「GEM Partners」代表の梅津文さんが、独自のデータを基に興行を読み解きます

「GEM Partners」代表の梅津文さんが、独自のデータを基に興行を読み解きます

2021.7.29

データで読解:この夏の代表作が誕生

毎週公開される新作映画、どれを見るべきか? 見ざるべきか? 毎日新聞に執筆する記者、ライターが一刀両断。褒めてばかりではありません。時には愛あるダメ出しも。複数の筆者が、それぞれの視点から鋭く評します。筆者は、勝田友巳(勝)、高橋諭治(諭)、細谷美香(細)、鈴木隆(鈴)、山口久美子(久)、倉田陶子(倉)、渡辺浩(渡)、木村光則(光)、屋代尚則(屋)、坂本高志(坂)。

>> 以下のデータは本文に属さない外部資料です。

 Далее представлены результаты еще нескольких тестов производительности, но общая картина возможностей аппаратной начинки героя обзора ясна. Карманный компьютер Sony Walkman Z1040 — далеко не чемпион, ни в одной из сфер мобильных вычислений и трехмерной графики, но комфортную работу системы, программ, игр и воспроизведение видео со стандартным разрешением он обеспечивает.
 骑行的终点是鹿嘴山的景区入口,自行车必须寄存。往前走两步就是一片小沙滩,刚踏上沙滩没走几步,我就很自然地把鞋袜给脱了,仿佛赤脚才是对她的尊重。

細田守監督作品「竜とそばかすの姫」は2週目も1位をキープし、累計興行収入は24億円を超えた。細田監督の最高興収を記録した「バケモノの子」(最終58.5億円)を少し上回るペースであり、この夏の代表作となることはもちろん、監督の新記録となりそうだ。

データを見ると、「バケモノの子」と同様に男女10代、20代の鑑賞意欲度が高め。男女の意欲度は「バケモノ」では同レベルだったが、本作は女性がやや高め。かなり早い段階からテレビ、ネットで宣伝を展開して作品の認知度・意欲度を高め、公開直前、公開後も過去作品をはるかに上回る大量の宣伝が行われている。作品提供側もメディアも一体となって、何としてもヒットさせようという決意が感じられる多さだ。

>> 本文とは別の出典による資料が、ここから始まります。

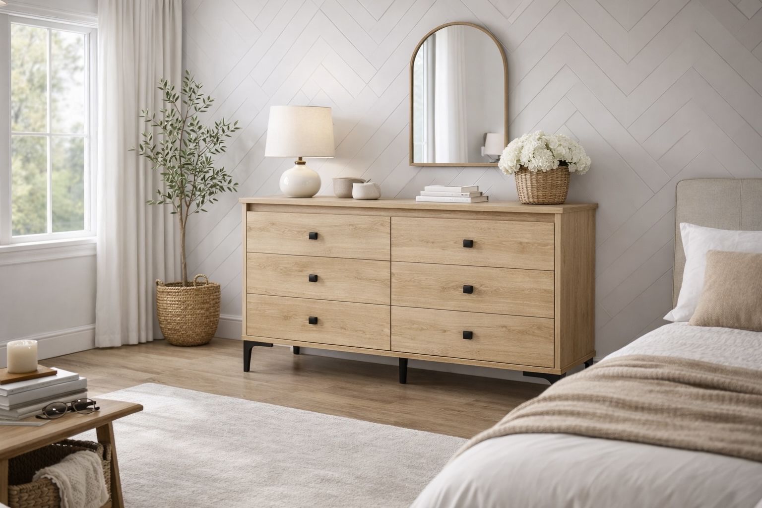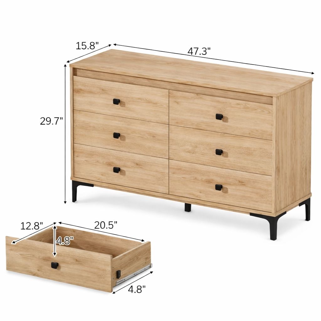 Stylish dresser with six big drawers. Light wood veneer finish and black metal legs & knobs. Great for bedroom storage. Measures 47.3 inches wide, 15.7 inches deep, 29.7 inches tall. Drawers are 20.5 inches wide, 12.8 inches deep, 4.8 inches high. Top has 160 pounds capacity, each drawer has 35 pounds capacity
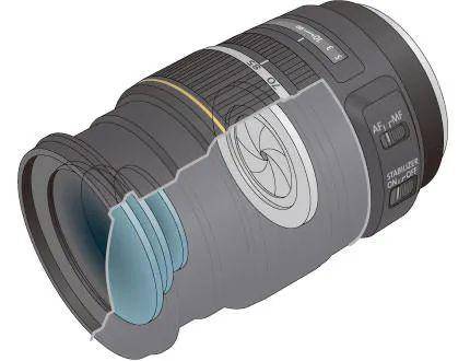 搭载手抖动补偿机构的镜头名称中有“IS”的标记。IS是Image Stabilizer的缩写。IS影像稳定器可根据手抖动产生的运动量移动部分镜片,使镜头成像画面稳定。该机构可抑制手抖动,以获得锐度高的画面。由于是在图像到达相机前就进行补偿,因此还具有可提高取景器成像稳定性以及自动对焦性能的优点。
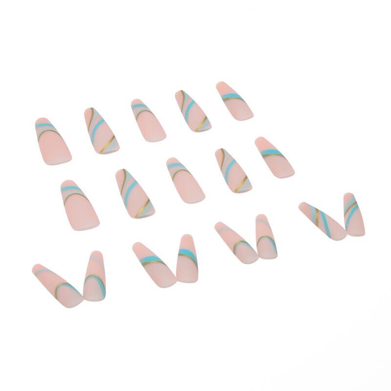 24pcs Nude Fake Nails Long Blue Gold Wave Pattern Coffin False Nails Acrylic Detachable Matte Full Nail Decoration Art Tips-Nail Inspo
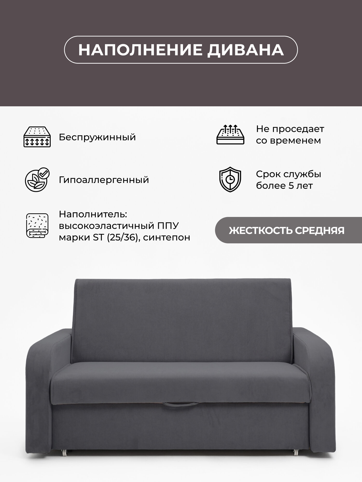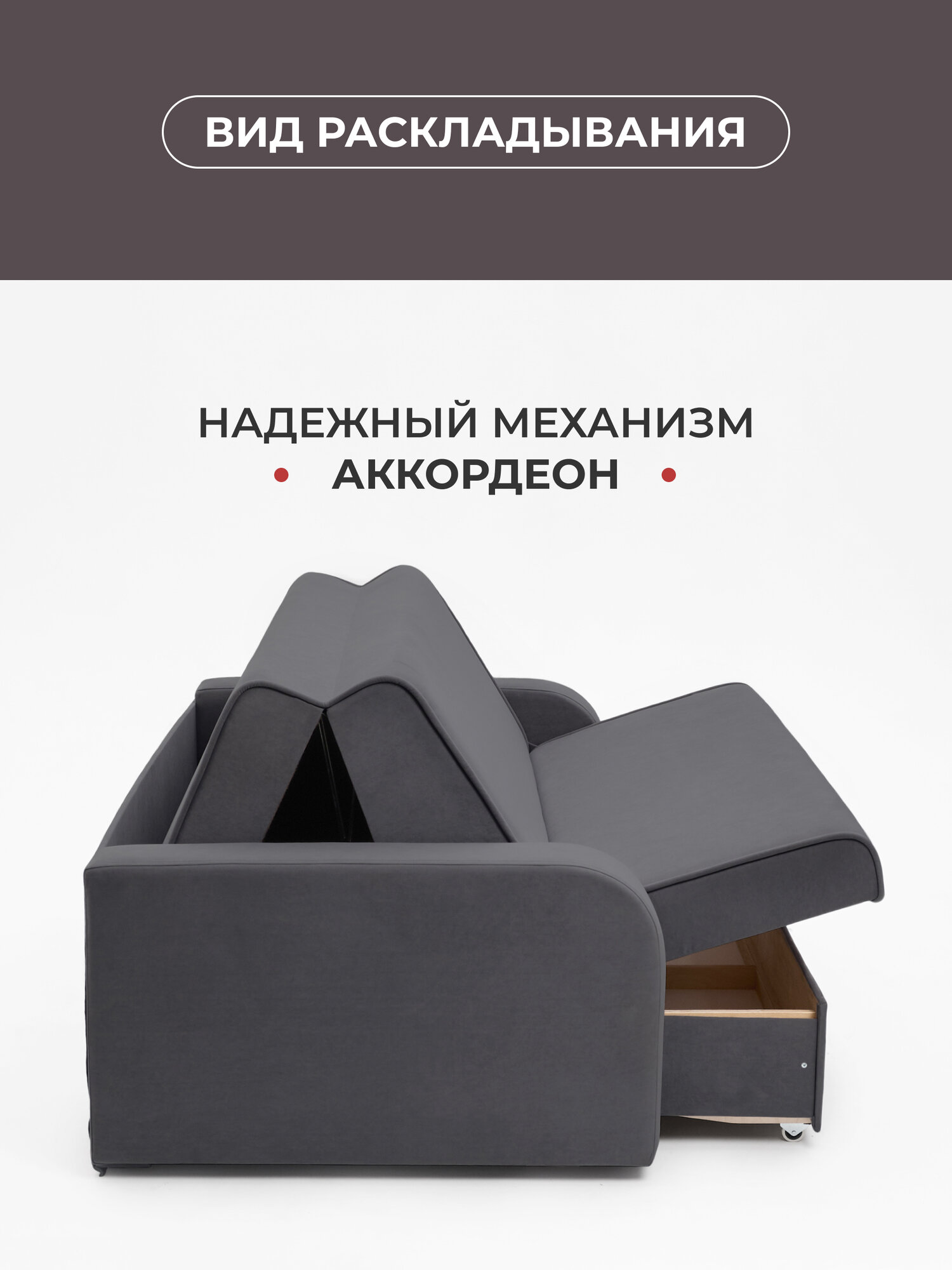 Купить Диван-кровать раскладной двухспальный Мартин 140, механизм Аккордеон, антивандальный велюр, 170*105*93, цвет темно-серый
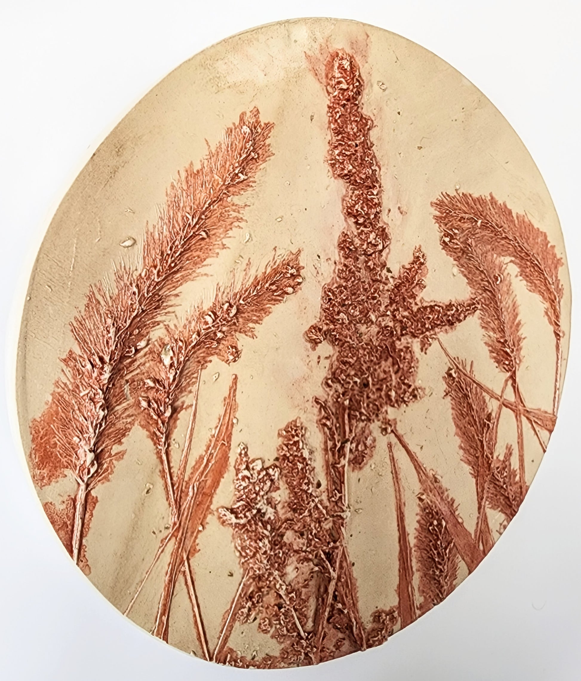 Plaster bas relief cast of foxtail and amaranth seedheads tinted in terracotta on a buff colored background.
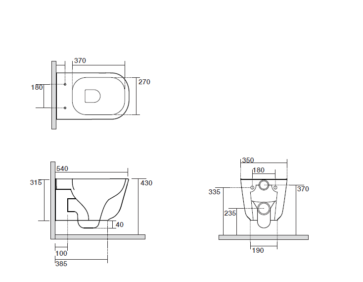 • Прилегание унитаза к стене:
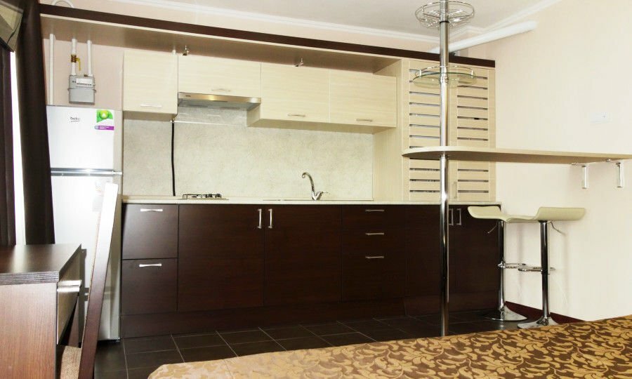 - Наличие кухни с плитой, холодильником и чайником.

コロナ禍以降、映画参加者人口は減少したままで、劇場の動員もコロナ前を下回る水準が続いている。産業の復興のためにはコロナ禍の収束とともに、作品の供給とヒットさせるための資本の投下が必要だ。日本に限らず感染拡大状況は予断を許さず、消費者のマインドと作品供給側の判断も流動的だ。そんな中で人気監督の新記録となりそうな大ヒット作が生まれたことは、映画ファン、産業双方にとって明るいニュースである。(GEM Partners代表・梅津文)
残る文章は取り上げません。